Non-determinism is acceptable - as long as control and validation are in place. This is how we can make it work:
1. Human validation is mandatory
It is important to highlight here, engineers review every output. The AI suggests & humans decide. That’s the workflow.
For example: If an AI-generated requirement says: “The system SHALL respond in less than 2 seconds” and the engineer knows the hardware can’t support that - they can change it.
The AI isn’t making final decisions. It’s doing mechanical work that humans then verify.
2. Pipelines give you visibility
Because each step is explicit, you can see exactly what happened:
• Step 1: interpreted the customer requirement
• Step 2: structured it in IEEE 830 format
• Step 3: checked it against IREB criteria
• Step 4: found a potential conflict with SR-042
You can trace the output. You can see where it went wrong. You can fix the prompt at Step 3 if it’s producing false information.

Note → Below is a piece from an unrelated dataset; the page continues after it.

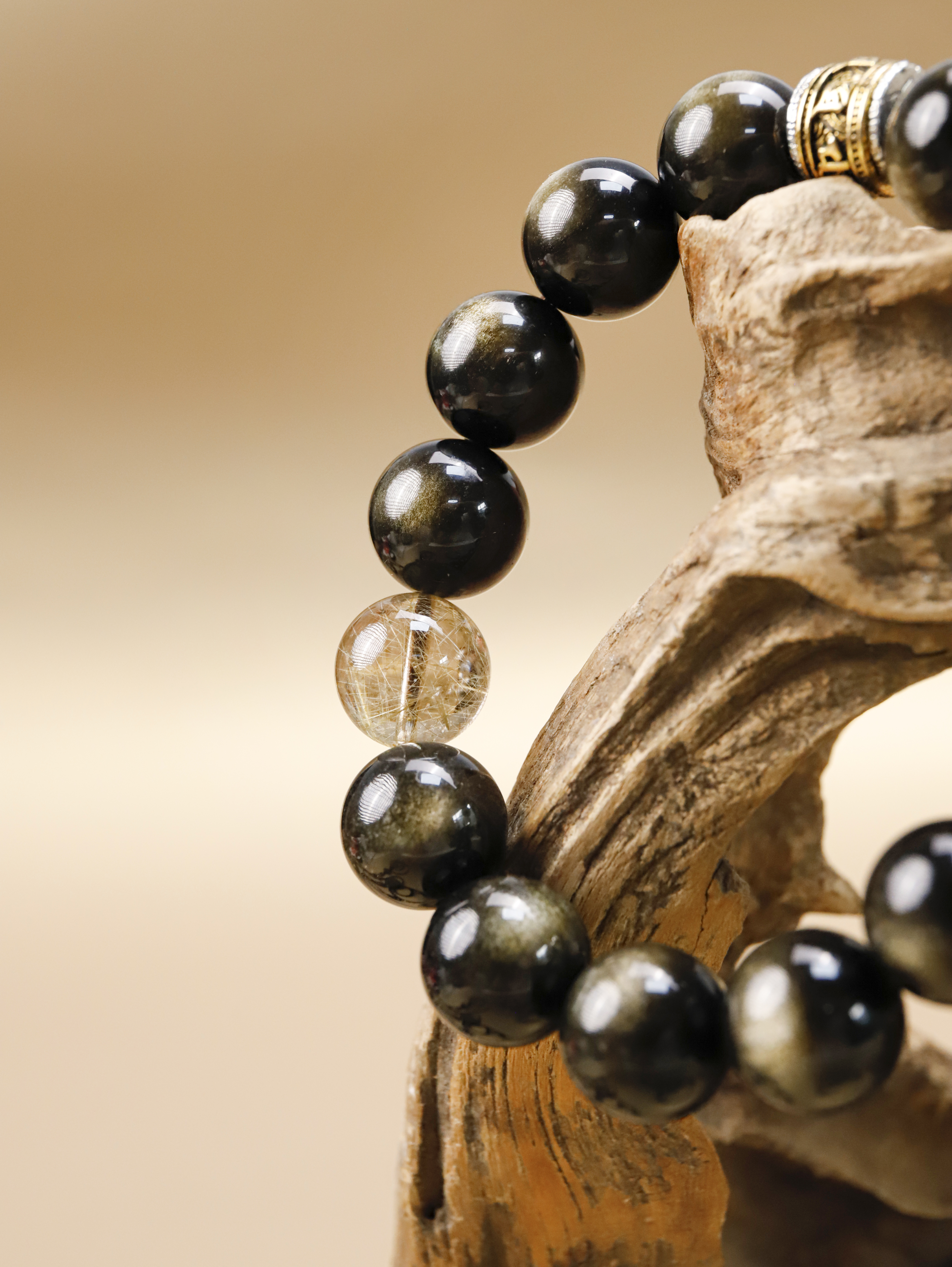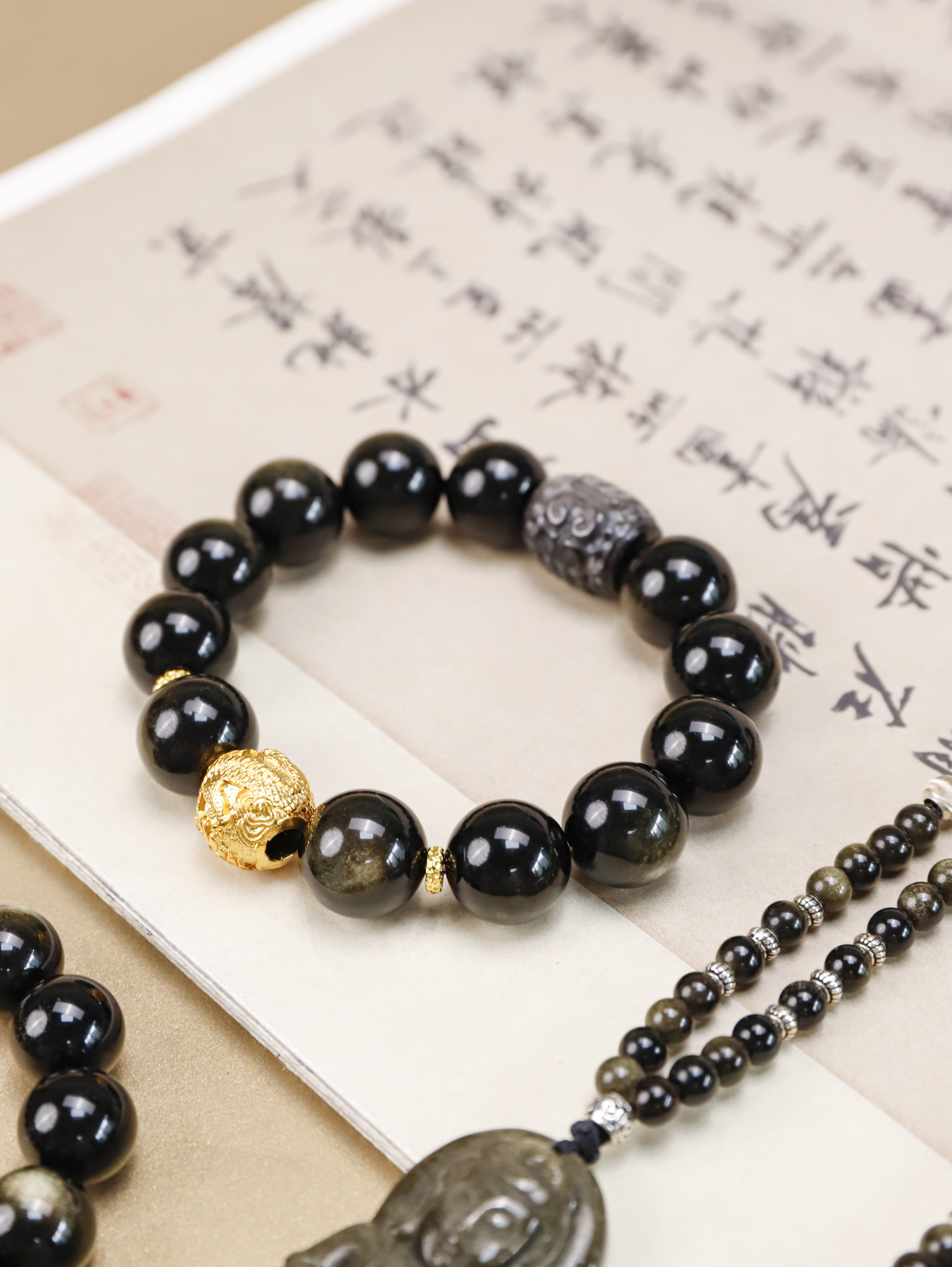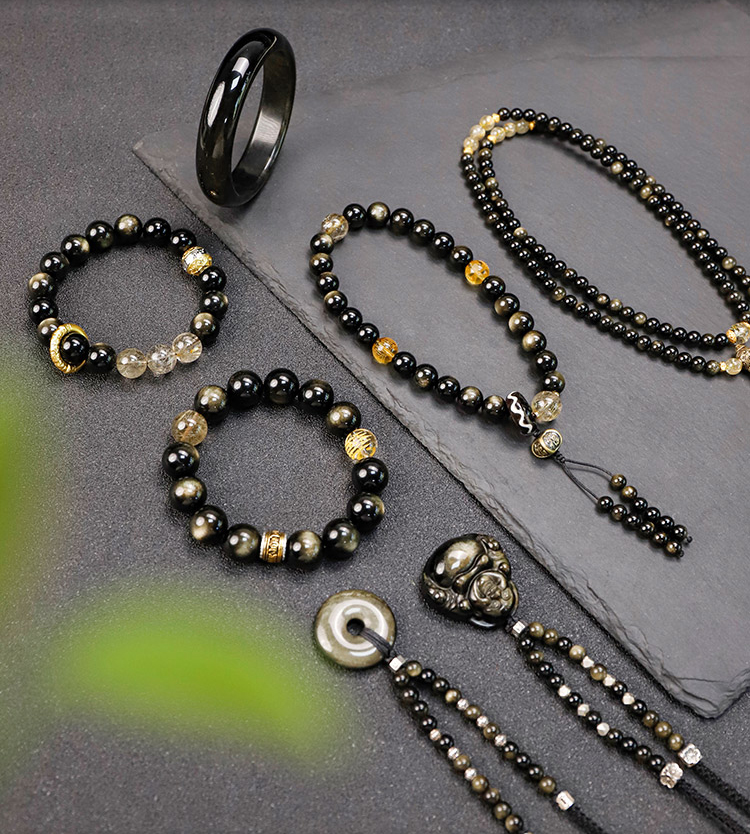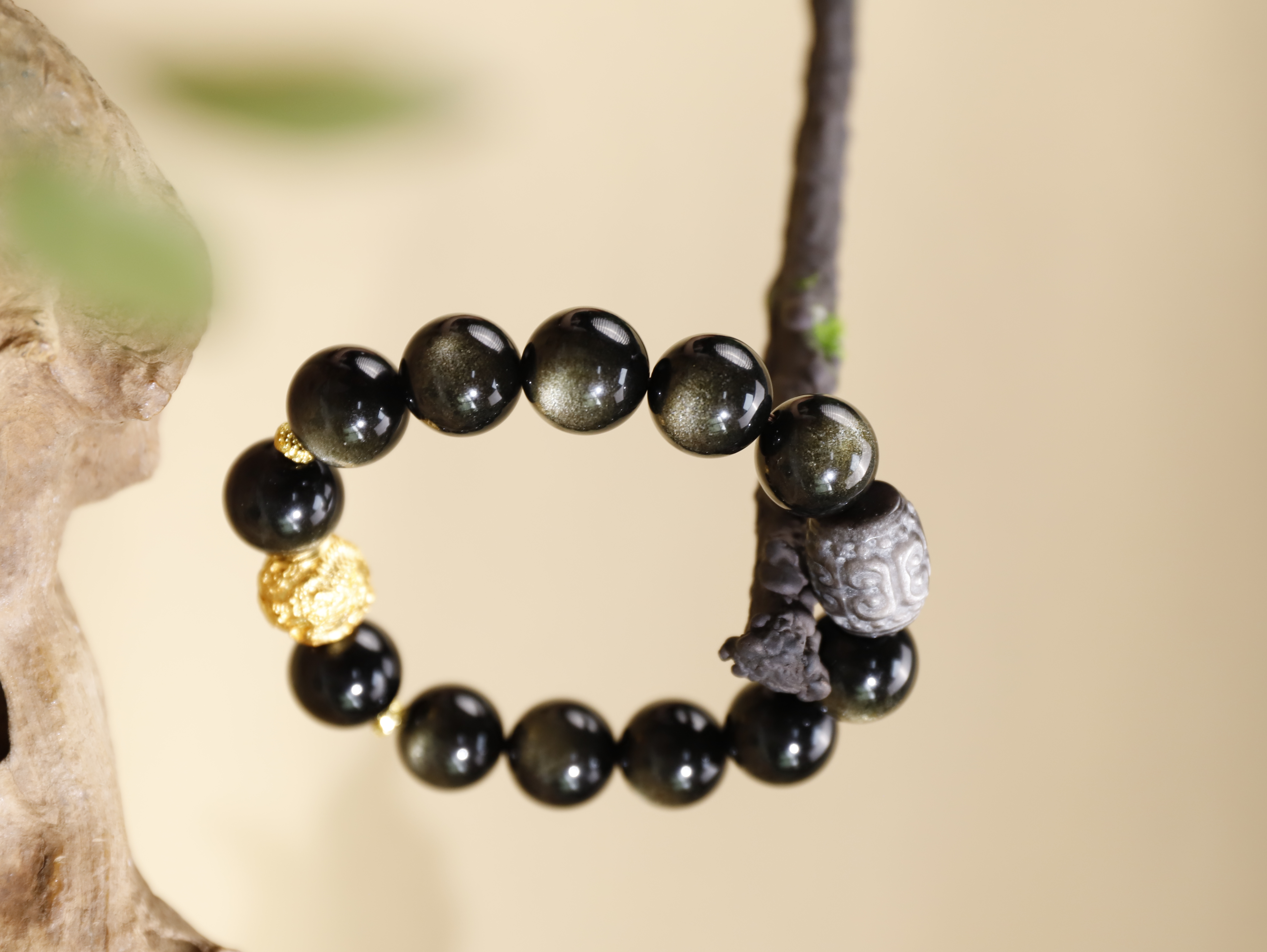 【下单即赠12mm黄水晶手串】珠宝级墨西哥猫眼金曜石首饰 ,稀世珍品,墨韵金辉,金光璀璨,灵动永恒

It seems that autonomous agent, cannot give you that degree of visibility. Additionally, how do we know that the agent knows that the hardware doesn’t support 2 seconds response time?
Currently, agents give you a result. You don’t know what path it took. You don’t know what it considered and rejected. You can’t debug it. You can’t improve it systematically.
This shows the bigger picture:
Systems people don’t understand are systems they can’t control. This implies we need to ensure that we build systems that are transparent so we can trust them and use them. The experiment did not prove that AI can replace engineering work. It showed something more important.
The value is not in the AI itself, but in how it is structured.
When AI is treated as a controllable system—broken into steps, with visible logic and human validation—it becomes usable in engineering contexts. Not because it is perfect, but because it is understandable.
That is the shift: AI is no longer just a tool. It becomes part of the system we design.
If we can capture engineering decisions, patterns, and feedback from everyday work and turn them into structured, reusable knowledge, then AI becomes a mechanism for scaling expertise rather than replacing it.